Stored data entries
-- Opening Marker --

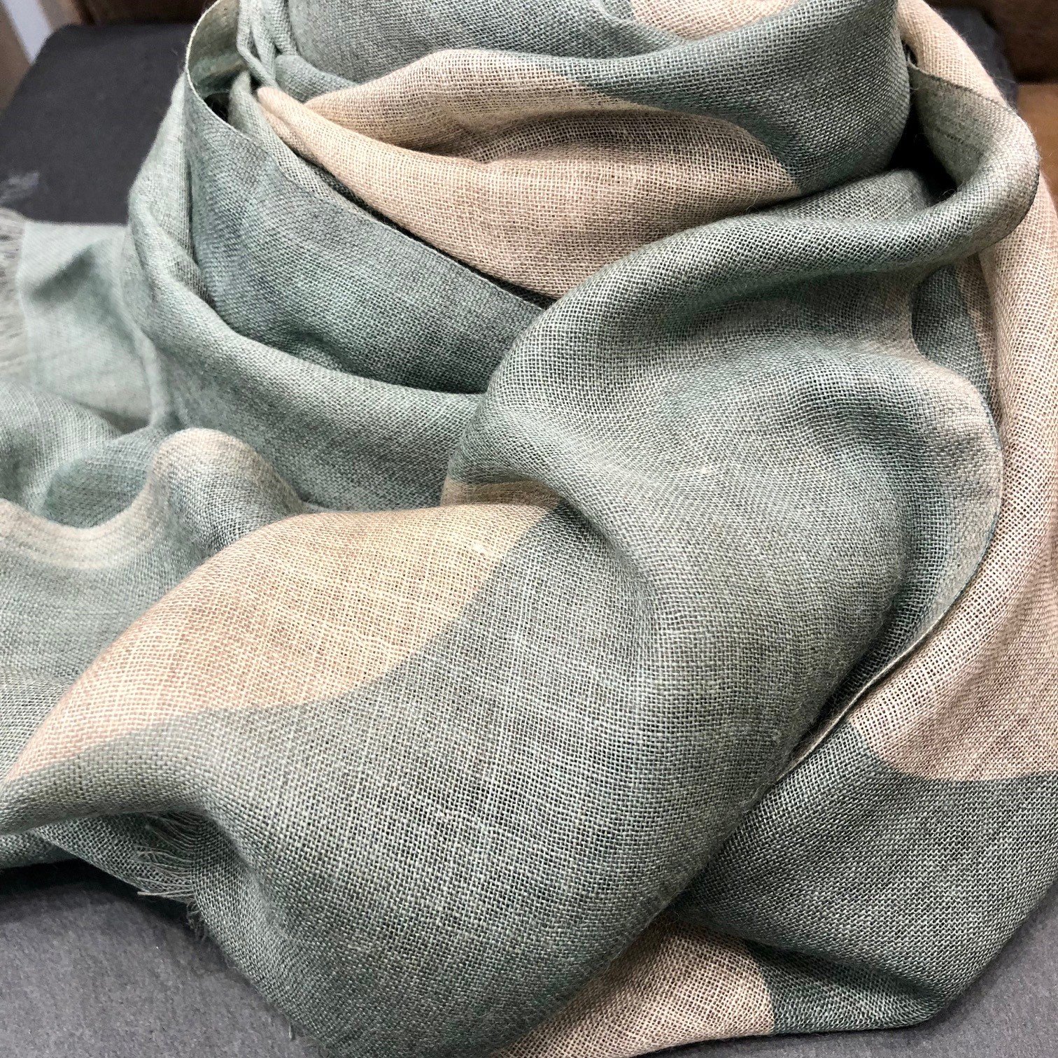 Echarpe FLAVY en laine et soie, gros pois beige coloris de fond vert d’eau.
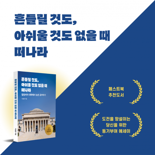 이홍훈 작가의 ‘흔들릴 것도, 아쉬울 것도 없을 때 떠나라: 컬럼비아 대학에서 늦은 공부하기’가 페스트북 추천 에세이로 선정됐다.
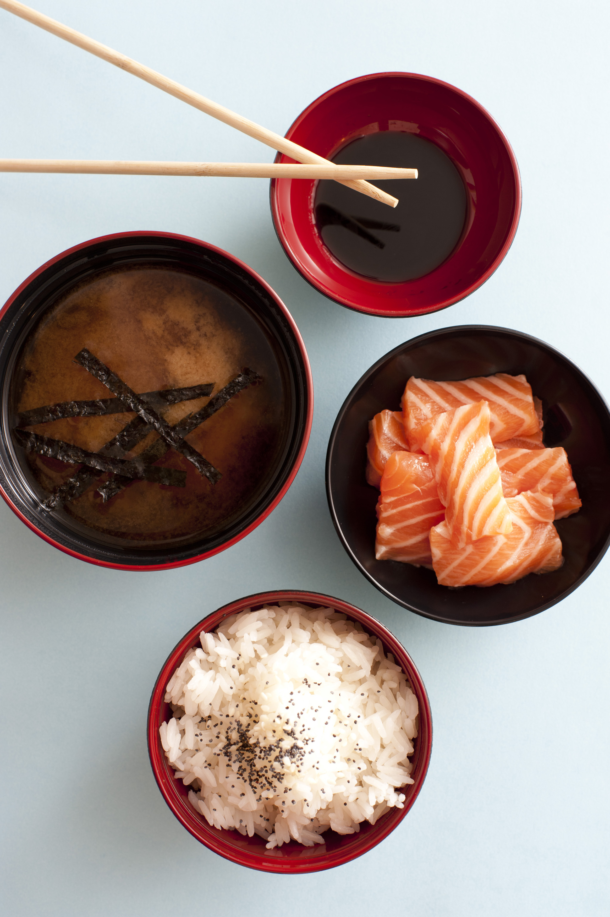 Keywords: asian, bowl, chopsticks, dish, fish, japanese, meal, raw, rice, salmon, sushi, lunch, soup, soy sauce, dinner, blue
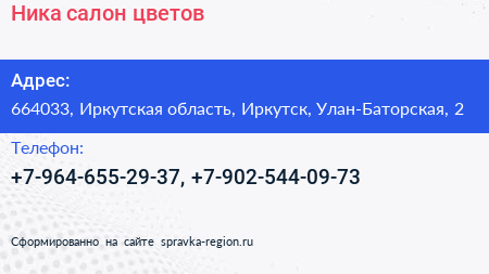 Ника, салон цветов по адресу 664033, Иркутская область, Иркутск, Улан-Баторская, 2 в дальнейшем Организация, размещена в следующих категориях:
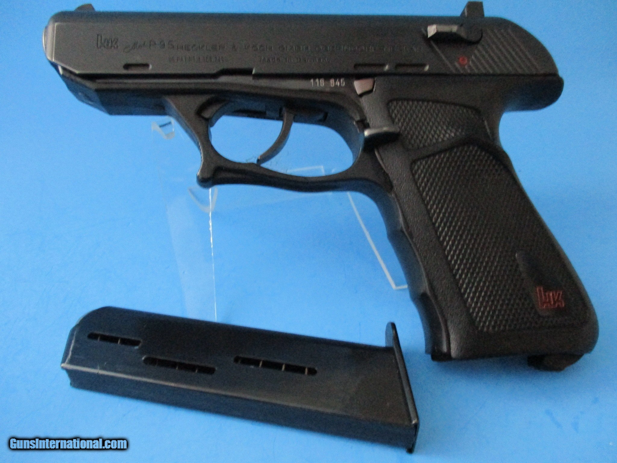 Description: Heckler & Koch HK H&K P9S “Combat” cal 9mm Luger Semi Automatic Pistol Make: Heckler & Koch Model: P9S Serial Number: 118845 Year of Manufacture: 1979 (Date Code HK) Caliber: 9 mm Luger Action Type: Double and Single Action with Removable Magazine. The decocker can be actuated to cock the hammer for a single action first shot Markings: The left side of the slide is marked with the HK logo, “Mod. P9S”, “Heckler & Koch GMBH Oberndorf/Neckar / US.Pat.No.3.566.745 Made In Germany” and its S/N “118845”. The left side of the frame is marked “118845“. The right side of the frame is marked with an “Eagle over N” proof, an “HK” date code and an “ULM antler” proof. The barrel is marked with an “Eagle over N” proof, “118845” and ”9 Para”. Barrel Length: 4 1/8” Sights / Optics: The tall front sight blade has a red vertical stripe and is dovetail set into the slide. The rear sight is a square notch with one white vertical stripe on each. Stock Configuration & Condition: The grip is one piece black checkered plastic that is screwed to the back strap in two places. The grip has a thumb rest on the left side and is also marked “HK” at the bottom in red letters. The back strap and areas bordering the checkering have a pebbled finish. The pistol is in 98% condition with only very tiny holster wear marks visible at edges. The grip rates in about Excellent overall condition. Type of Finish: The slide and frame have a black matte phosphate finish. The front strap/trigger guard is a black synthetic with pebbled finish. Finish Originality: Original Bore Condition: The bore is bright and the rifling is polygonal. There is no erosion in the bore Overall Condition: This handgun retains about 98% of its metal finish. Most of the wear is evident on the barrel from normal operation. There is some light edge wear to the slide, most are at the muzzle. It does not appear to be holster wear. The screw heads are sharp. The markings are clear. There is little wrong with the finish. Overall, this handgun rates in about Excellent condition, the barrel wear does not concern us. Mechanics: The single action trigger pull is crisp. The safety blocks the firing pin when engaged, allowing the hammer to fall without firing the pistol. The decocker serves to cock or un-cock the hammer as well as functioning as a slide release when fully depressed. To un-cock the hammer, the safety is engaged, the de-cocker depressed and the trigger then pulled and released while holding the de-cocker down. The pistol can be shot in single action only mode by swiveling the trigger stop in the trigger guard up until it blocks the trigger from going back far enough to cock and release the hammer. The single action trigger is light and very crisp, although with some take-up, as expected. You can adjust the trigger with the fine adjustment feature also found on this pistol. Box, Paperwork & Accessories: This pistol comes without box but with a German language Owner’s Manual. Extra original HK magazines are available. Our Assessment: This is a unique pistol with a multi-purpose decocker that can be used to cock and de-cock the hammer as well as release the slide. This pistol has barely a mark on it. It is great mechanical condition and it should be, as it was built with typical German reliability. A COLLECTOR’S ITEM NOW. SOLD Manufacturer: Heckler & Koch Model: P9S "Combat Serial Number: 118845 Barrel Length: 4.0 Condition: Excellent Metal Condition: Excellent Bore Condition: Excellent Barrel Type: Polygonal Action: DA/SA Weight: 875 gram [empty] Sights: Fixed Manufacture Date: 1979 Extras: Manual [in German] Item Location: Las Vegas NV |
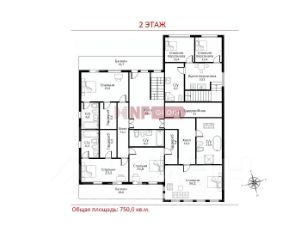 2 этаж: холл, 3 спальни со своими с/у и гардеробными, спальня с с/у, блок для персонала с отдельным входом (2 спальни, с/у, кухня-столовая).
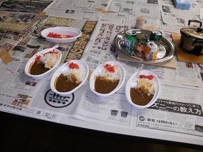■空き缶にサラダ油を注いで燃料とし、ご飯を炊きレトルトカレーを食べました。 ■剣道場で模擬被災体験
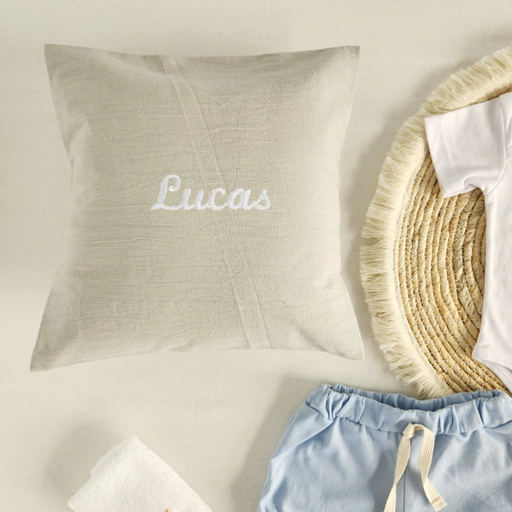 Almohadón PERSONALIZADO. Con funda desmontable en género Tusor 100% algodón. Relleno con material siliconado e hipoalergénico. Medidas 30 x 30 cm
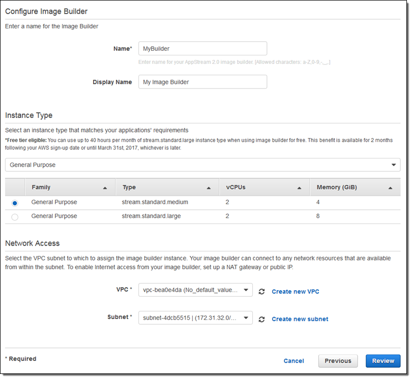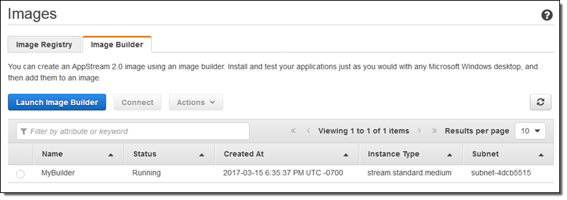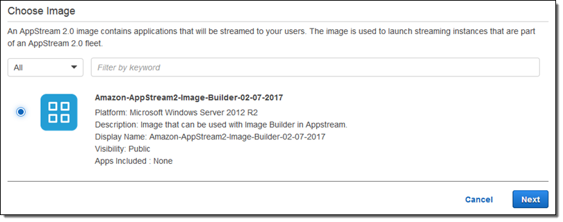 Image Builder – You can build your own AppStream 2.0 images that contain your choice of applications.
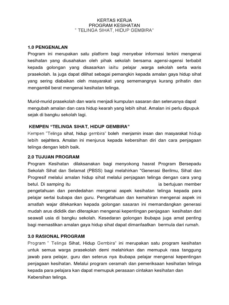 Perkhidmatan kesihatan sekolah 24 Di sampingenam Teras Utama diatas pihak kementerian menerusi program ini turutmengambilkira beberapa kriteria berikutbagi menjayakan program ini dan agar program ini sesuai dengan persekitaran dan iklim prasekolah tersebut. Kertas kerja jom hidup sihat. Sekolah kebangsaan penghulu ahmad kedah darul aman kertas kerja program alam sekitar udara bersih hidup sihat tarikh 11 13 mac 2017 tempat sk penghulu ahmad disediakan oleh fatin syazwani binti shani anjuran persatuan alam sekitar sk penghulu ahmad program alam sekitar page 1 isi kandungan 10 kertas kerja program pendidikan kesihatan 3 udara bersih hidup sihat 3 20 tujuan 3 30.
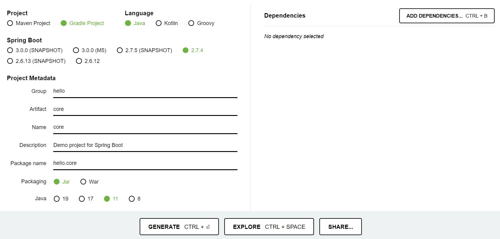 여기서는 순수 자바의 역량을 보여주기 위해서 어떠한 외부 Dependecies도 추가하지 않고 진행하였다.
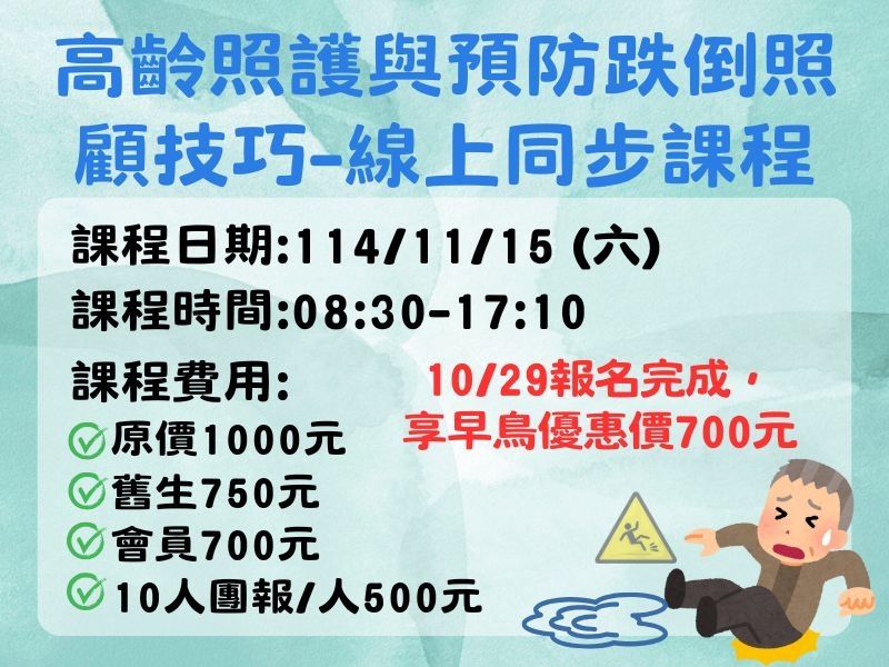 【114年度】高齡照護與預防跌倒照顧技巧-線上同步課程

-- Closing Marker --

Exercise directions: Take the lines from the start of the entries through the line containing "sauce, dinner, blue" and set them down exactly, leaving out every picture.

Problem solution:
 Echarpe FLAVY en laine et soie, gros pois beige coloris de fond vert d’eau.
 이홍훈 작가의 ‘흔들릴 것도, 아쉬울 것도 없을 때 떠나라: 컬럼비아 대학에서 늦은 공부하기’가 페스트북 추천 에세이로 선정됐다.
 Keywords: asian, bowl, chopsticks, dish, fish, japanese, meal, raw, rice, salmon, sushi, lunch, soup, soy sauce, dinner, blue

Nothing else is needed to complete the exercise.